Accuracy of state-of-the-art SSP methods for proteins of different (a) structural classes or (b) sizes. The upper limit of SSP accuracy estimated by sequence and structural alignments at 90% identity cutoff of homologs are respectively indicated by blue and black bars. No method exceeded the estimated limits in any class or size group, and most methods met the greatest challenge in predicting all-beta proteins. SSP accuracy decreased a little as the protein size increased.
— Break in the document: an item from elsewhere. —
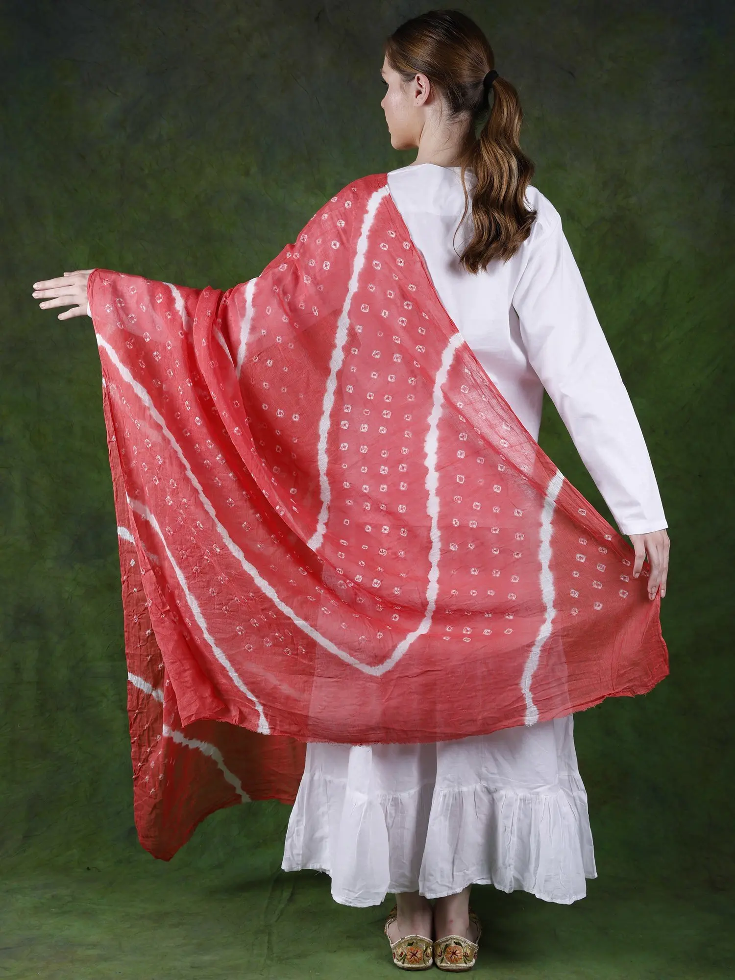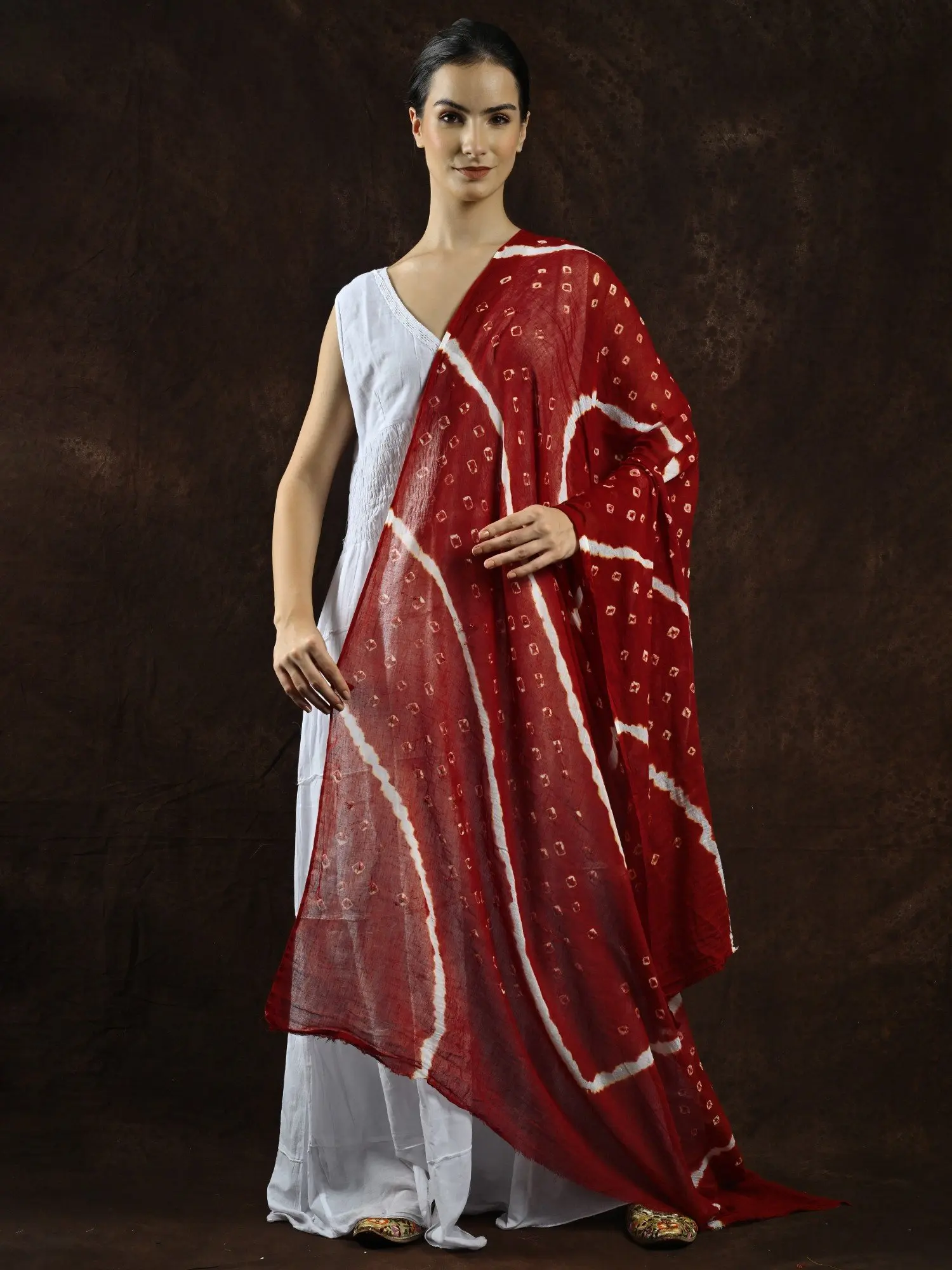 Bandhani Tie-Dye Gharchola Dupatta with Sequins-Zari Embroidery and Scalloped Border

Since the same tendencies were observed in three- and eight-state predictions, this figure only displays Q3 and SOV3. See Figure S1 for Q8 and SOV8 results.

Figure 9

Secondary structural consistency measured by PSI-BLAST and BLAST with different word sizes. (a) Secondary structural consistencies between SCOP family homologs measured by PSI-BLAST at different identity levels. As illustrated by the color codes, word sizes 3 and 2 were applied. The default word size of PSI-BLAST was 3, but changing it to 2 increased the measured secondary structural consistency between homologs, especially at low identities. (b) Secondary structural consistencies between SCOP family homologs measured by the classic BLAST at different identity levels. The BLAST accepted word sizes 3 and 2 in the database searching mode (blastall) and word size 1 in the pairwise alignment mode (bl2seq). A small word size notably increased the measured secondary structural consistency. (c), (d) Secondary structural consistencies between SCOP family homologs measured by (PSI-)BLAST at different identity cutoffs. Results obtained according to identity cutoffs make the effects of word size more observable.

Figure 10

Summary of the estimated limits of SSP accuracy. Both the lower limits (light blue strips) and upper limits of three-/eight-state SSP accuracies are illustrated. The practical upper limits of accuracies (blue strips to the right) were estimated by PSI-BLAST sequence alignments with the word size 2 (see Figure 9 and Table S3), and the theoretical limits (black strips to the right) were estimated by structural alignments (Figure 3 and Table S3).